§ WHAT IS REQUIRED
Among the lines below, the one containing "Системата за автомобилен" opens the range and the one containing "This hockey jersey" closes it. Print that range exactly, without the pictures.

§ LISTED RECORDS

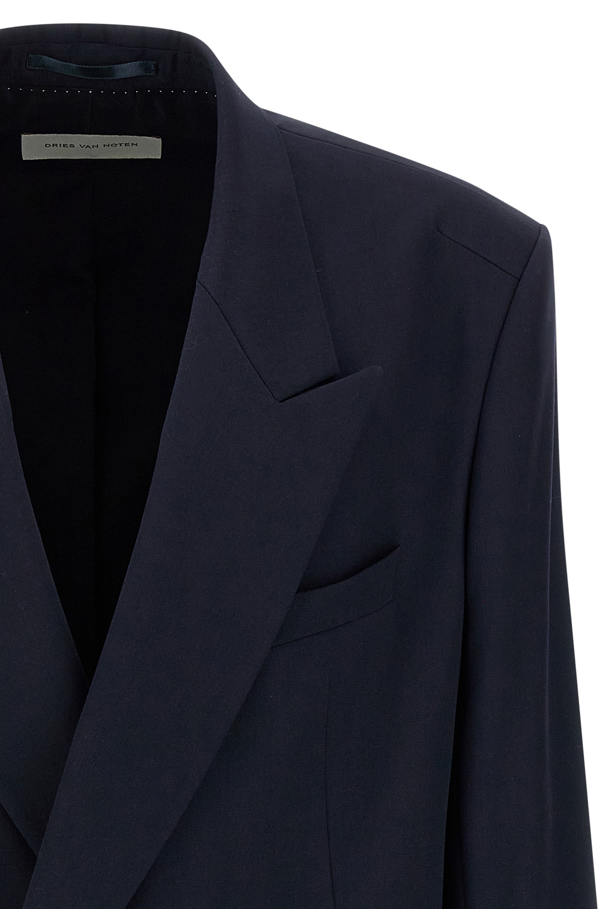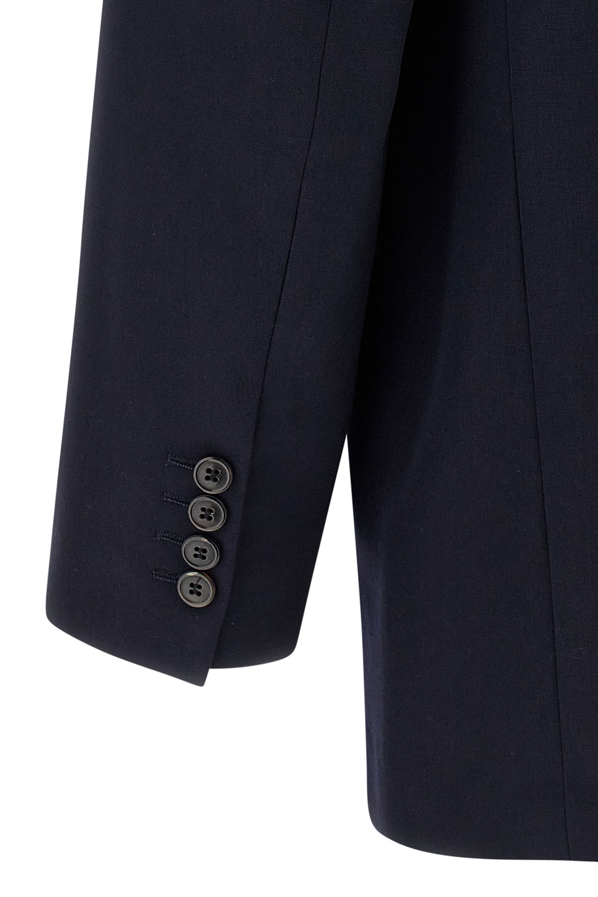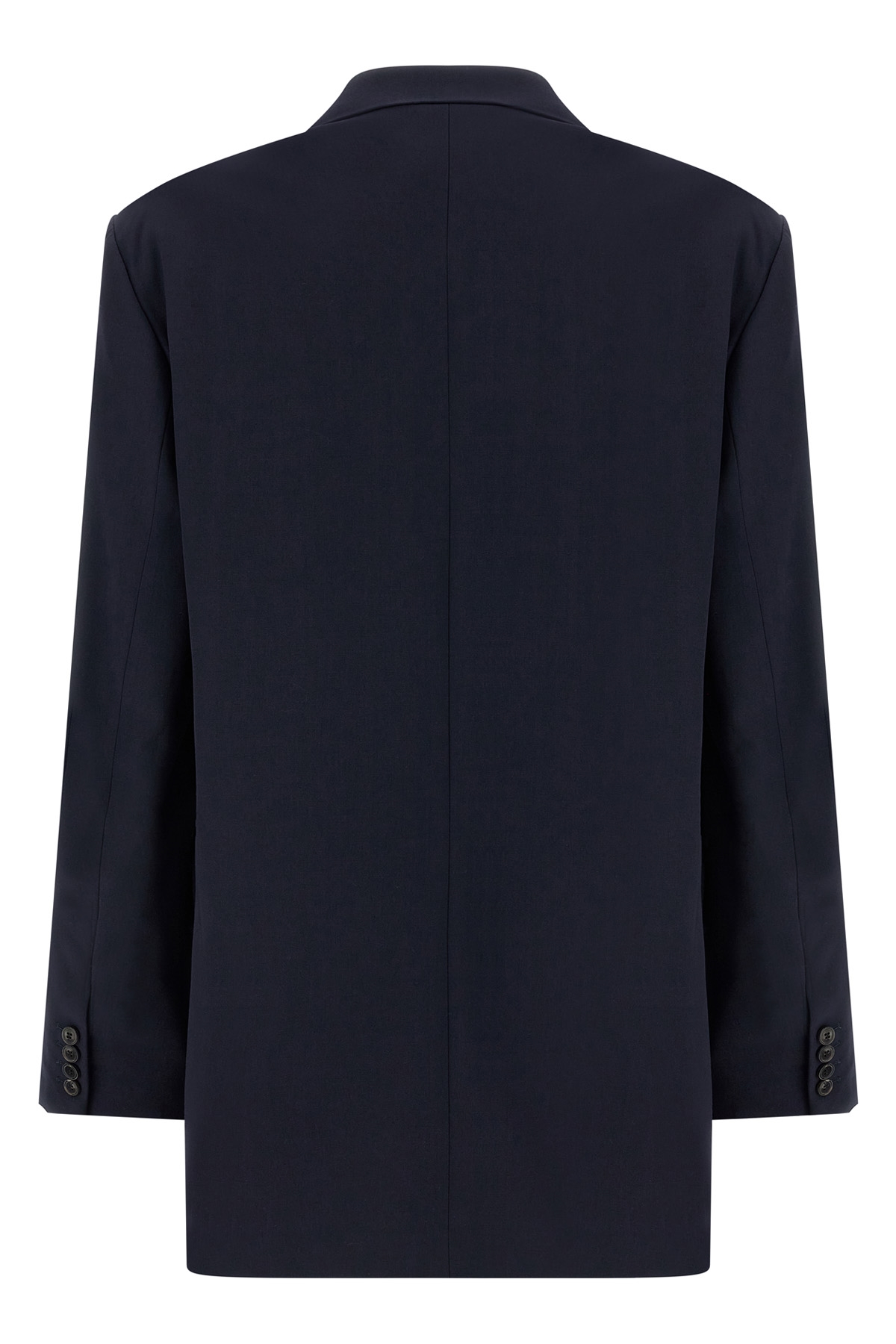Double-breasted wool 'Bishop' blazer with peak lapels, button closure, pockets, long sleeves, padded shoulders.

...

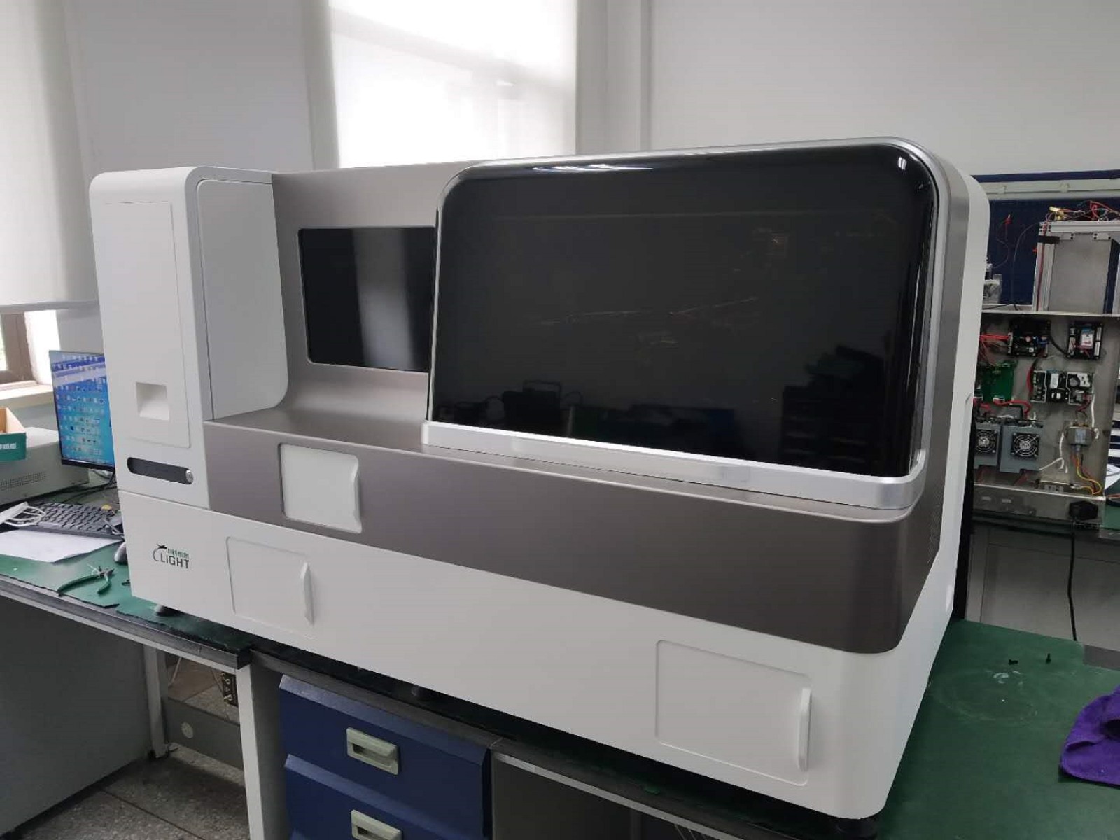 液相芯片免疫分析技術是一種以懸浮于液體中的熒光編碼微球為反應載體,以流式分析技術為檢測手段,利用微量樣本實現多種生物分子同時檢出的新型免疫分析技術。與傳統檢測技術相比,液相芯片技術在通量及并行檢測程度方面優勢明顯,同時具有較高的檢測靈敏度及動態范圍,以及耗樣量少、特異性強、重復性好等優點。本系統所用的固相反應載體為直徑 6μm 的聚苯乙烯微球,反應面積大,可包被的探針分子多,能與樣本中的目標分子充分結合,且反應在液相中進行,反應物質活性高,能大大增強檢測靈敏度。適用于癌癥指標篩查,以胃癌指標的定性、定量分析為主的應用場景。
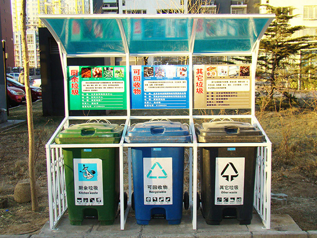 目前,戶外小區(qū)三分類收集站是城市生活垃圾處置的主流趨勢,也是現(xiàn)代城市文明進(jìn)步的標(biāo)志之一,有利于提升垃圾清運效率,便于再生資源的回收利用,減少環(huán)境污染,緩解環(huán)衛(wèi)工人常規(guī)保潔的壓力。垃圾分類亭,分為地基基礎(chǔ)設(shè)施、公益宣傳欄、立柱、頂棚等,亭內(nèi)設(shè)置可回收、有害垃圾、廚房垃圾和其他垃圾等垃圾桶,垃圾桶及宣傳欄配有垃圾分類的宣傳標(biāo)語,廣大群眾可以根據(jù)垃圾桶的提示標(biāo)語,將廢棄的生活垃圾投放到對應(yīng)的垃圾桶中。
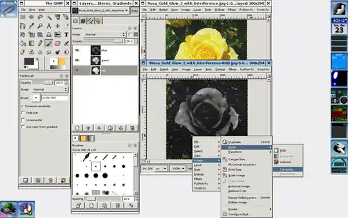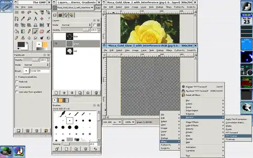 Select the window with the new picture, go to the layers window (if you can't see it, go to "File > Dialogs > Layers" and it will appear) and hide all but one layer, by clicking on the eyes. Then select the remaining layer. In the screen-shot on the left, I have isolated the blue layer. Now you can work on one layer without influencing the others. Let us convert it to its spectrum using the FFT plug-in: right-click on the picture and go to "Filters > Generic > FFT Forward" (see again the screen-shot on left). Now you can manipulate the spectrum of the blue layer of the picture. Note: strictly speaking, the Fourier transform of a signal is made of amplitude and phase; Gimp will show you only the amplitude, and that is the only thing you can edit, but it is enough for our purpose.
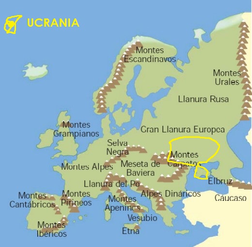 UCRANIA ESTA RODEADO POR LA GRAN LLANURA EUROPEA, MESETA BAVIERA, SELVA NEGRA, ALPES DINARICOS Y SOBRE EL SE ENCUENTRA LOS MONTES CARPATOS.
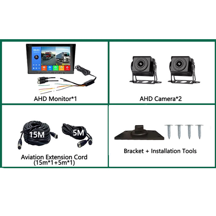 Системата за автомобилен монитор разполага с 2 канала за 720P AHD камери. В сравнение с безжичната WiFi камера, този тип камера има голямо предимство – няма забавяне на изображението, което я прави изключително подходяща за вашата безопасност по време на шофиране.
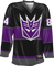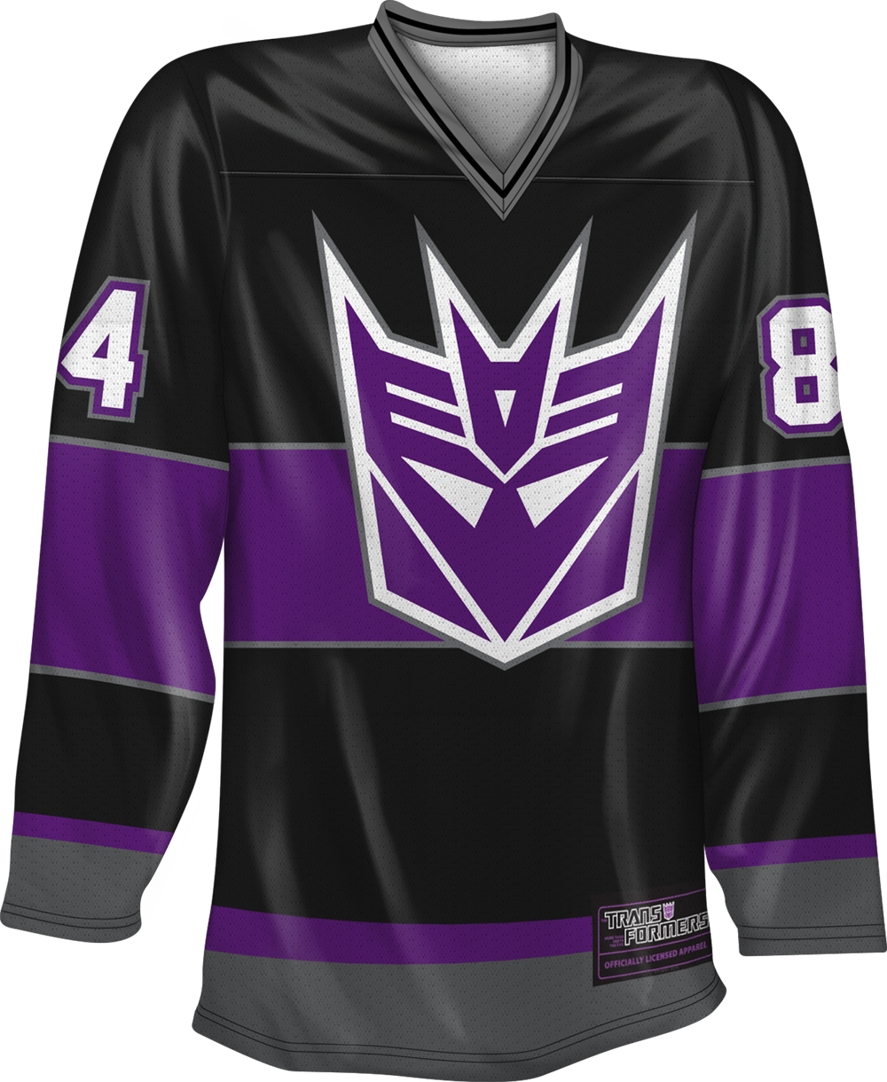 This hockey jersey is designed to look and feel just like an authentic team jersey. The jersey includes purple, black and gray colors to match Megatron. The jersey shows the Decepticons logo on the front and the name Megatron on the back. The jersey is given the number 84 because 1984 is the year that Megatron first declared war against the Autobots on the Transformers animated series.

--

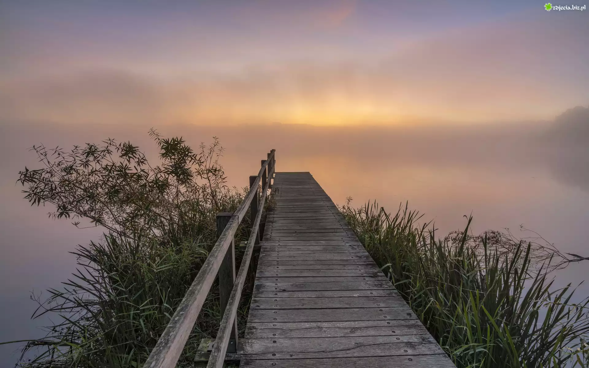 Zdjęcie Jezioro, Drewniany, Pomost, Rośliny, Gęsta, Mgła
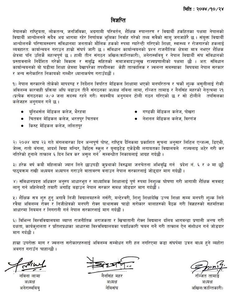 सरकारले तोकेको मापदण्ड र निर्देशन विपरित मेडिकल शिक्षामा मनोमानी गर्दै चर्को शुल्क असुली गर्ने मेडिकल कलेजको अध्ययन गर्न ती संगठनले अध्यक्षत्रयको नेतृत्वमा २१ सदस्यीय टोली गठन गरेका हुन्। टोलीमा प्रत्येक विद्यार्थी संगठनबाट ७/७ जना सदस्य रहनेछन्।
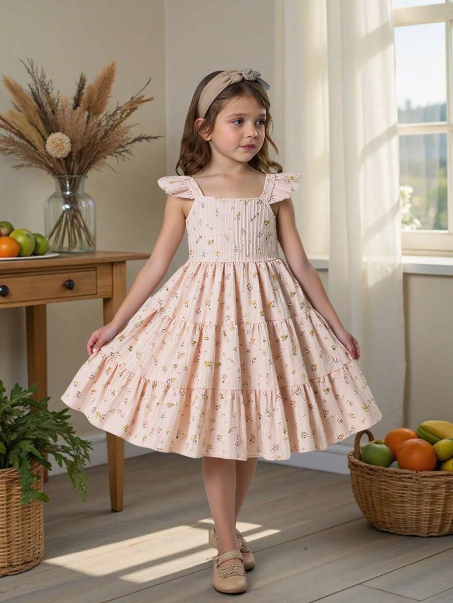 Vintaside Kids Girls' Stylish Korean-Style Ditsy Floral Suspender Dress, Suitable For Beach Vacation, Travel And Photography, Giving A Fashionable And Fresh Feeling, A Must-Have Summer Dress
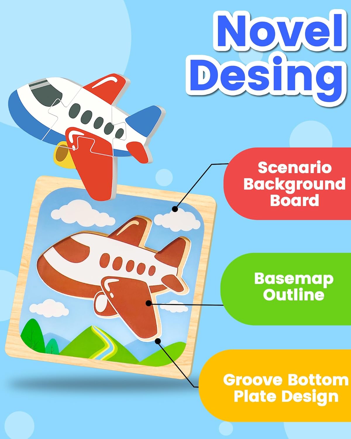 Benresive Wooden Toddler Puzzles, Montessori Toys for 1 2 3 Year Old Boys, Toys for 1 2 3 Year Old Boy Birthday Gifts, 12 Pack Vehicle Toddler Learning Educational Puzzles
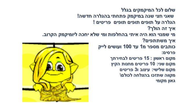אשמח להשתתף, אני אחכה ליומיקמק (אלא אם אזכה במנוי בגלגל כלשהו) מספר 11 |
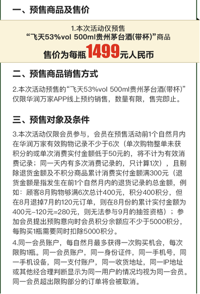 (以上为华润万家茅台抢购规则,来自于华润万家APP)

§ EXERCISE OUTPUT
 Системата за автомобилен монитор разполага с 2 канала за 720P AHD камери. В сравнение с безжичната WiFi камера, този тип камера има голямо предимство – няма забавяне на изображението, което я прави изключително подходяща за вашата безопасност по време на шофиране.
 This hockey jersey is designed to look and feel just like an authentic team jersey. The jersey includes purple, black and gray colors to match Megatron. The jersey shows the Decepticons logo on the front and the name Megatron on the back. The jersey is given the number 84 because 1984 is the year that Megatron first declared war against the Autobots on the Transformers animated series.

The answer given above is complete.